Alphanumeric increment algorithm in JAVA

Question

I need to implement alphanumeric increment algorithm like AAA001 should become AAA002 AAA999 should become AAB000 and so on.

All alphabets are in uppercase and letters are from 0-9. It can contain alphabet or letter at any position in the alphanumeric string.

There are some rules though, like some 000 or 666 should not come in a series. That can be done later on but I am in need of basic logic to implement the algorithm.

I see many people did not understand my question. Just imagine the Plate Number of a vehicle which is nothing but a alphanumeric series which can have some excluded characters like BB6660 -> 666, triple 6 in between is not allowed.

It should support different formats like-

    @@@##
    @#@@##
    1@#@@##
    @@@@####
    ##@@#@

    @ means alphabet A-Z
    # means numbers 0-9            

Examples:

    AFG99 + 1= AFH00
    A2GF23 + 1 = A2GF24
    1A9AU99 + 1 = 1A9AV00
    AAZZ9999 + 1 = ABAA0000
    11AA9Z + 1 = 11AB0A

I need some sort of mathematical solution so that I can do math and increment it easily without using character increment.

I also need the count between the two ranges like how many counts are there between AAA003 and AA010 ?

    AAA010 - AAA003 = 7 

I would appreciate the help..

Answer 1

Here's 3 solutions: the first two are somewhat arithmetic incrementations while the third is more a character manipulations.

The 3 implementations all pass the same unit tests:

 assertEquals("1DDA01A", MyClass.increment("1DDA00Z"));
 assertEquals("1A9AV00", MyClass.increment("1A9AU99"));
 assertEquals("AFH00", MyClass.increment("AFG99"));
 assertEquals("A2GF24", MyClass.increment("A2GF23"));
 assertEquals("ABAA0000", MyClass.increment("AAZZ9999"));
 assertEquals("11AB0A", MyClass.increment("11AA9Z"));

First:

public static String increment(String number) {
    Pattern compile = Pattern.compile("^(.*?)([9Z]*)$");
    Matcher matcher = compile.matcher(number);
    String left="";
    String right="";
    if(matcher.matches()){
         left = matcher.group(1);
         right = matcher.group(2);
    }
    number = !left.isEmpty() ? Long.toString(Long.parseLong(left, 36) + 1,36):"";
    number += right.replace("Z", "A").replace("9", "0");
    return number.toUpperCase();
}

Second:

public static String increment(String number) {
    Pattern compile = Pattern.compile("^(.*?)([0-9]*|[A-Z]*)$");
    Matcher matcher = compile.matcher(number);
    String remaining = number;
    String currentGroup = "";
    String result = "";

    boolean continueToNext = true;
        while (matcher.matches() && continueToNext) {
        remaining = matcher.group(1);
        currentGroup = matcher.group(2);
        int currentGroupLength = currentGroup.length();
        int base = currentGroup.matches("[0-9]*") ? 10 : 36;
        currentGroup = Long.toString(Long.parseLong("1" + currentGroup, base) + 1, base);  // The "1" if just to ensure that "000" doesn't become 0 (and thus losing the original string length)
        currentGroup = currentGroup.substring(currentGroup.length() - currentGroupLength, currentGroup.length());
        continueToNext = Long.valueOf(currentGroup, base) == 0;
        if (base == 36) {
            currentGroup = currentGroup.replace("0", "A");
        }

        result = currentGroup + result;
        matcher = compile.matcher(remaining);
    }

    result = remaining + result;
    return result.toUpperCase();
}

Third :

This works with your current "reqs". Compared to how the question what asked at the beginning, this is not just a "left-part composed of letter" + "right part composed of digits". Now, it's "anything goes", and letters roll from A to Z to A, while digits from 0 to 9 to 0. When a letter reaches Z, it is reset to A, then the digit/letter on its left is incremented.

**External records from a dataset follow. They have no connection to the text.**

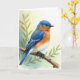 This design shows a small bird in rich blue and warm orange perched on a sturdy branch, like it’s pausing for a quiet moment with someone nearby ❤️. Its head is a deep sky-blue, its chest glows orange, and the color fades into a soft white belly with feathery texture that looks gently fluffed. The wings are layered with lighter blue tones and thin white accents that feel like careful brush strokes. A dark eye with a faint reddish ring looks off to the right, giving the bird an attentive, almost affectionate focus, as if watching a close friend approach. The black feet curl around the rough brown bark, adding a grounded, calm touch to the scene. Behind it, the setting is a soft wash of pale yellow and muted green, with blurry hints of leaves that keep the mood tender and calm 🌼. There’s no text on the front, leaving the bird centered against the airy background while the branch angles across the lower portion of the artwork. The background fades from warm yellow near the top into gentle green tones with faint, misty foliage shapes.
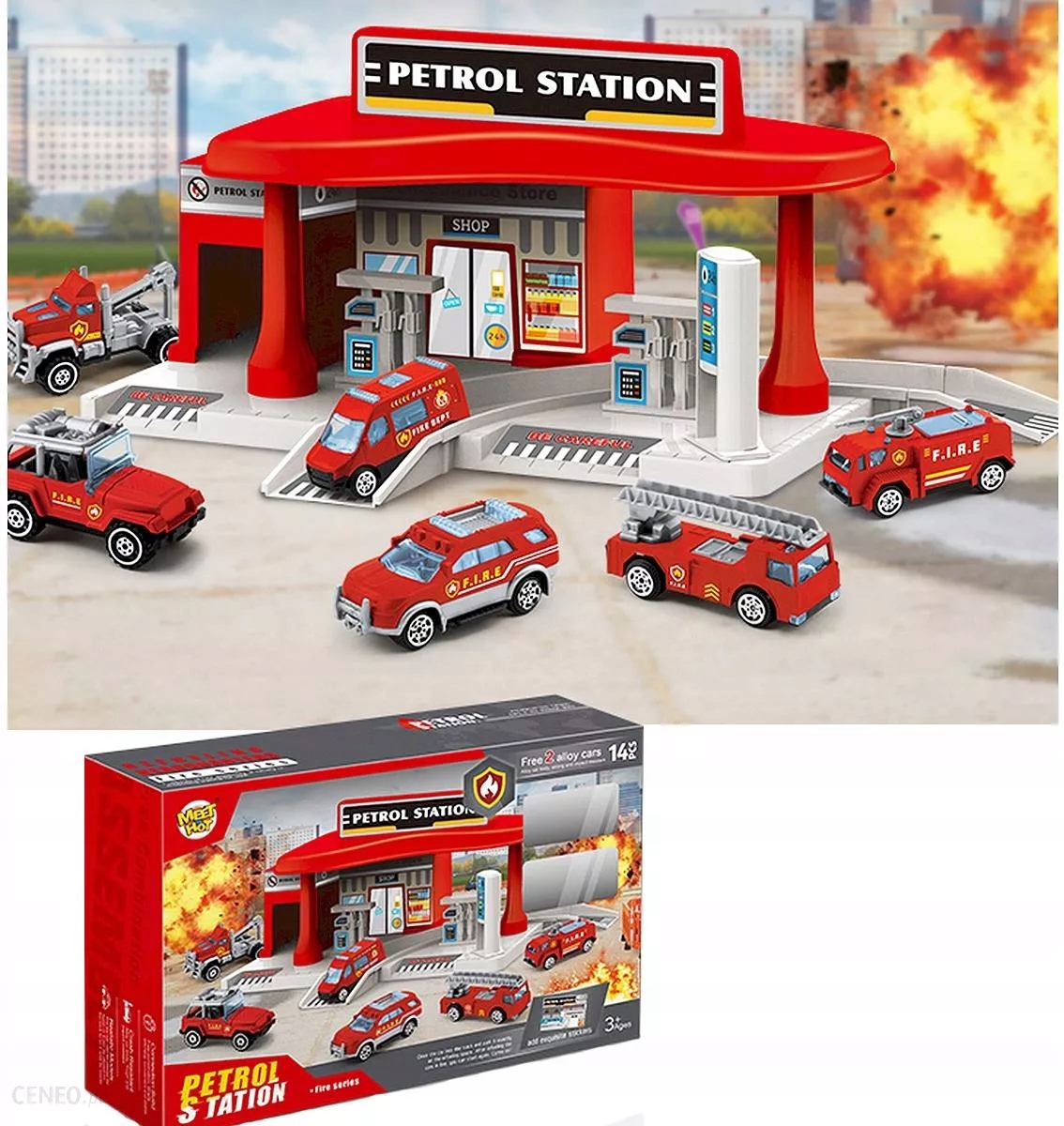 АЗС з пожежними автомобілями. Чудова забава та можливість познайомитися з професією пожежника. Ви можете бути водієм автомобіля, ви можете бути пожежником, ви можете пограти з друзями або наодинці. Будівля АЗС додатково зробить задоволення більш привабливим. Більше ідей для творчих розваг, більше можливостей, станьте пожежним -маленький фанат може грати довгі години!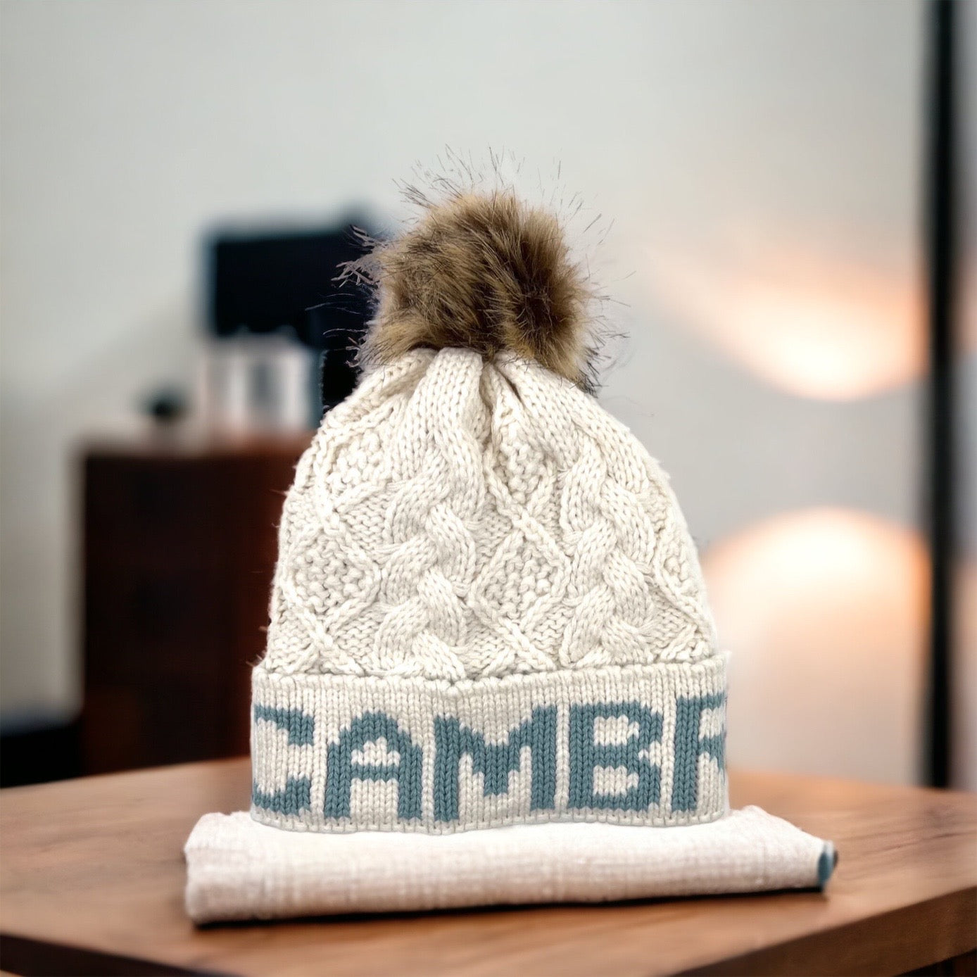 Introducing the Aran Diamond Cable Cambridge Pom Pom Hat - the perfect blend of style, comfort, and national pride! Embrace the traditional Diamond Cable design crafted in a chunky knit, guaranteed to keep you warm and cozy during those chilly days.

If all numbers are incremented, it does not add a new digit on the left. You did not mention that in your question, but I'm sure you can figure this out from here:

public static String increment(String number) {
    char[] cars = number.toUpperCase().toCharArray();
    for (int i = cars.length - 1; i >= 0; i--) {
        if (cars[i] == 'Z') {
            cars[i] = 'A';
        } else if (cars[i] == '9') {
            cars[i] = '0';
        } else {
            cars[i]++;
            break;
        }
    }
    return String.valueOf(cars);
}

As for the "count", your example isn't sufficient to grasp the logic. Does it count only numbers ? what about the letters ? Does it follow a baseXx ?

how can AA010-AAA003 = 7, the 3 A's versus 2 A's do no matter ? I feel this is rather on you to understand what are your requirements (ie: homework..)

Technically, this answers the question as it was asked originally (with many modifications along the way).

Answer 2

[doing] math and increment [alphanumerics] without using character increment can be decomposed into simpler problems: consider your "alphanumerics" integers coded with a mixed base. This would leave conversion from alphanumeric to integer, (math) operations (increment, count between: difference/subtraction) on integers, and conversion from integer to alphanumeric.
For integer, have a look at LongAdder. For the conversions, you need to keep a sequence of bases to use - I recommend to start from unit/the little end and just use something easily iterable and able to keep (small) integers. Going from alphanumeric to integer, start with zero. For each character, add its value. For a letter, keep the number of different letters (alphabet size, 26 with the Latin alphabet as used now) as the base to use for that place, for a digit the number of different digits (ten, usually). If another character follows, multiply by that base and repeat.
Conversion from integer to alphanumeric would be the usual divide&remainder (using the bases as kept) - with a catch: how do you handle a carry from the most significant position?

There are some rules though, like some 000 or 666 should not come in a series. That can be done later on and will kill math.